About this exercise:
Only the lines from the one containing "OPEN HOUSE - OCTOBER" through the last line of the data below belong in your answer, copied exactly and without pictures.

Data excerpts:
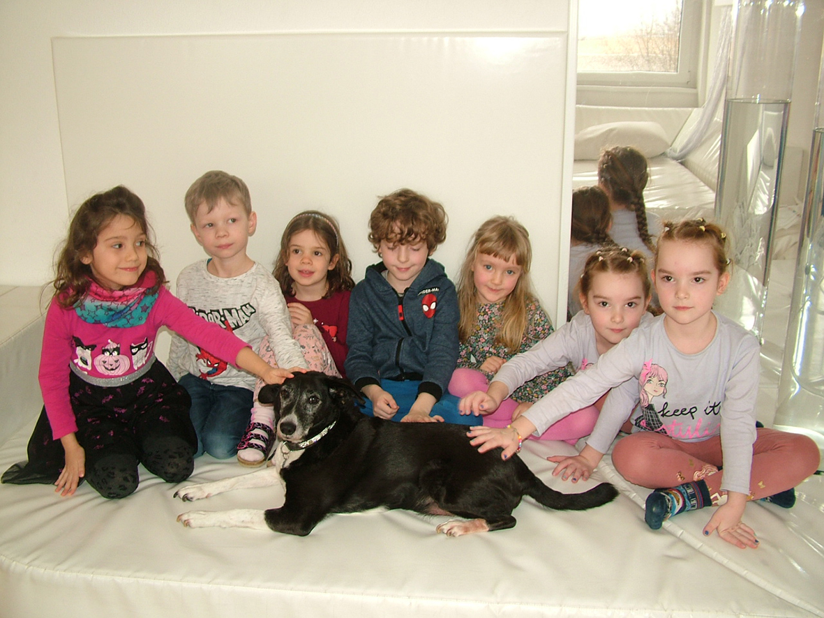 Die Tage, an denen Hund Blacky mit seinem Herrchen zu uns ins Institut Hartheim kommt, sind für die Kinder und Jugendlichen von unserem Hort und Kindergarten immer ganz besondere. Sie lieben es, mit Blacky zu kuscheln, ihn streichen oder mit Leckerli verwöhnen zu dürfen. Sie lernen achtsam mit ihm umzugehen und beobachten ihn und sein Verhalten sehr gerne. Tiergestützte Pädagogik hat in unserem Kindergarten und Hort (  www.institut-hartheim.at ) einen hohen Stellenwert. Dabei wird auf die positive Wirkung eines Tieres gesetzt. Tiergestützte Pädagogik bereichert das Arbeiten mit den Kindern und Jugendlichen und ist ein Baustein im Hinblick auf die Entfaltung ihrer Kompetenten. (Jedes Tier, das in Tiergestützter Pädagogik eingesetzt wird, muss ein Ausbildung mit seinem Herrchen/Frauchen absolviert haben.)
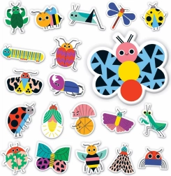 Des papillons, abeilles et coccinelles colorés stimulent l’imagination, l’apprentissage des formes et des couleurs ainsi que la motricité fine.
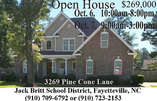 OPEN HOUSE - OCTOBER 6TH, 7TH 10 AM - 8 PM COME VIEW THIS BEAUTIFUL 3 BEDROOM AND 2.5 BATH PLUS A BONUS ROOM!! THIS GORGEOUS HOME SITS ON A SPACIOUS 1 ACRE LOT IN THE JACK BRITT DISTRICT!! CALL ME AT 9107096792 THIS HOME WILL NOT LAST LONG ON THE MARKET! Come view this beautiful home in the Jack Britt district on a 1 acre lot!! Please contact 9107096792!
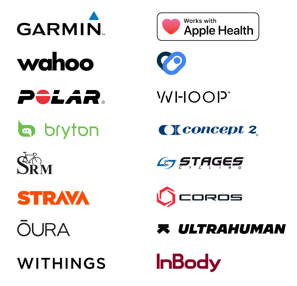 - Garmin: Seamlessly sync data from Garmin watches or bike computers.
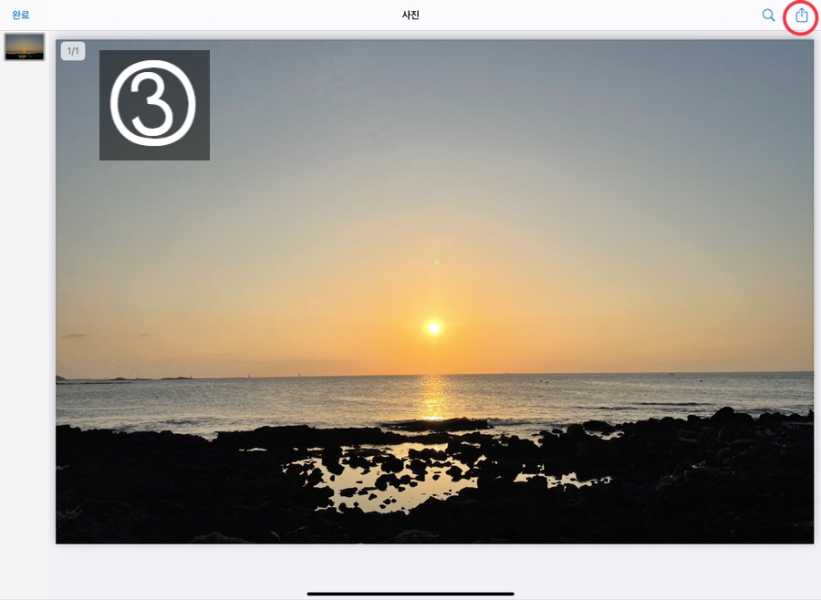저는 icloud drive 속 [다운로드] 폴더에 저장하고자 했습니다. 이때도 이름은 그냥 '사진'으로만 나와 있어서 이름을 바꿔주었어요. ①에 '사진'이라는 글자를 선택하면 ②와 같이 문서 이름을 변경하도록 나옵니다. 문서 이름을 '제주시 구좌읍 노을 사진'으로 변경 후 '완료'를 눌러주면 ③과 같이 이름이 변경되어 보여져요. 이름까지 모두 변경을 완료했으면, '저장'을 눌러 파일을 마저 저장해줍니다.
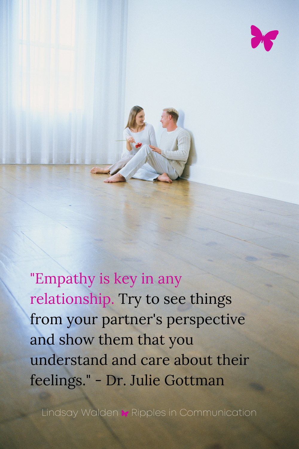 "Empathy is key in any relationship. Try to see things from your partner's perspective and show them that you understand and care about their feelings." - Dr. Julie Gottman
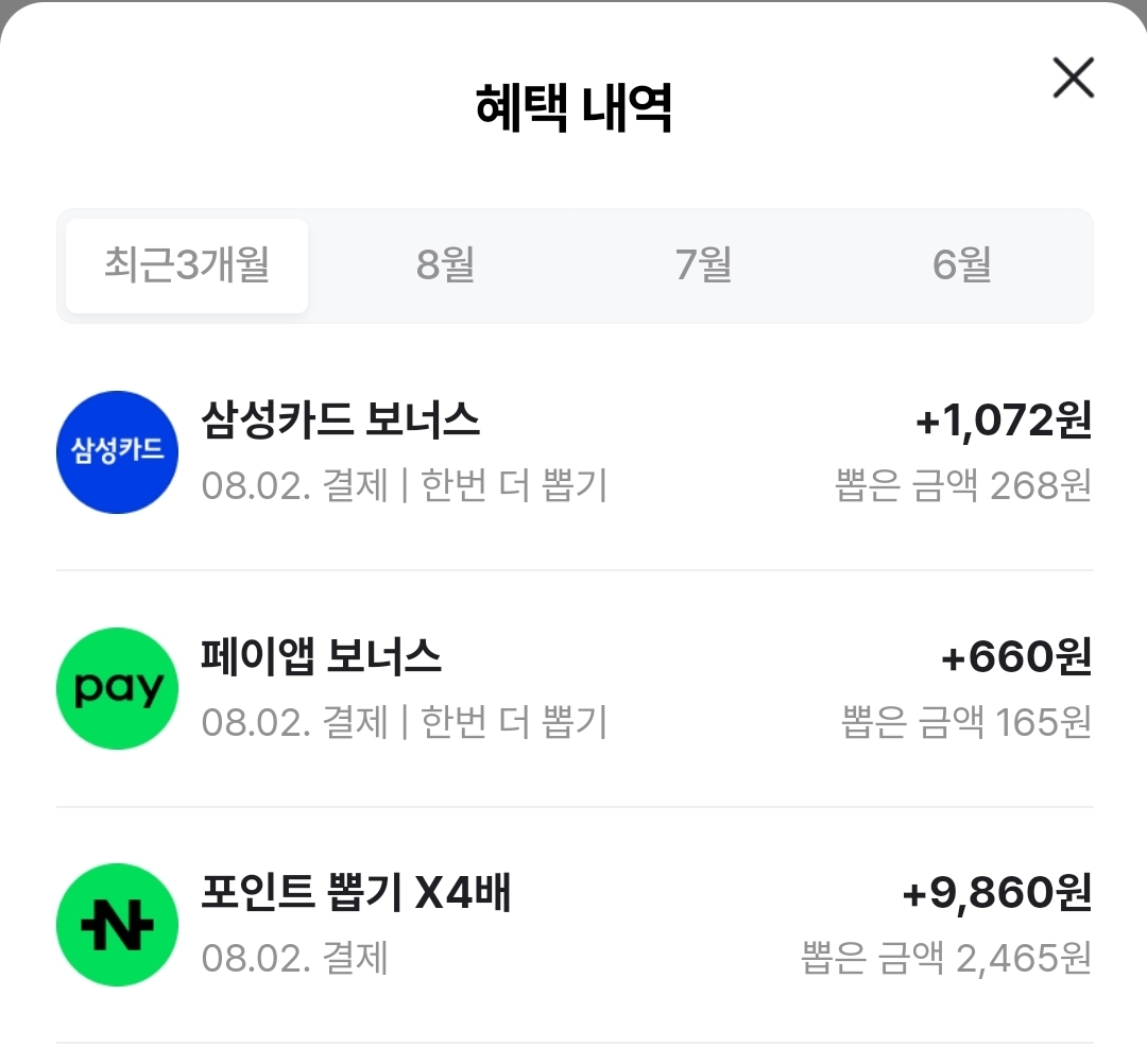 어느정도 정착되니 횟수를 줄이네요 기존 삼성카드 결제 시 한번 더 기회를 주는 프로모션도 종료할런지 궁금하네요

Exercise response:
 OPEN HOUSE - OCTOBER 6TH, 7TH 10 AM - 8 PM COME VIEW THIS BEAUTIFUL 3 BEDROOM AND 2.5 BATH PLUS A BONUS ROOM!! THIS GORGEOUS HOME SITS ON A SPACIOUS 1 ACRE LOT IN THE JACK BRITT DISTRICT!! CALL ME AT 9107096792 THIS HOME WILL NOT LAST LONG ON THE MARKET! Come view this beautiful home in the Jack Britt district on a 1 acre lot!! Please contact 9107096792!
 - Garmin: Seamlessly sync data from Garmin watches or bike computers.
저는 icloud drive 속 [다운로드] 폴더에 저장하고자 했습니다. 이때도 이름은 그냥 '사진'으로만 나와 있어서 이름을 바꿔주었어요. ①에 '사진'이라는 글자를 선택하면 ②와 같이 문서 이름을 변경하도록 나옵니다. 문서 이름을 '제주시 구좌읍 노을 사진'으로 변경 후 '완료'를 눌러주면 ③과 같이 이름이 변경되어 보여져요. 이름까지 모두 변경을 완료했으면, '저장'을 눌러 파일을 마저 저장해줍니다.
 "Empathy is key in any relationship. Try to see things from your partner's perspective and show them that you understand and care about their feelings." - Dr. Julie Gottman
 어느정도 정착되니 횟수를 줄이네요 기존 삼성카드 결제 시 한번 더 기회를 주는 프로모션도 종료할런지 궁금하네요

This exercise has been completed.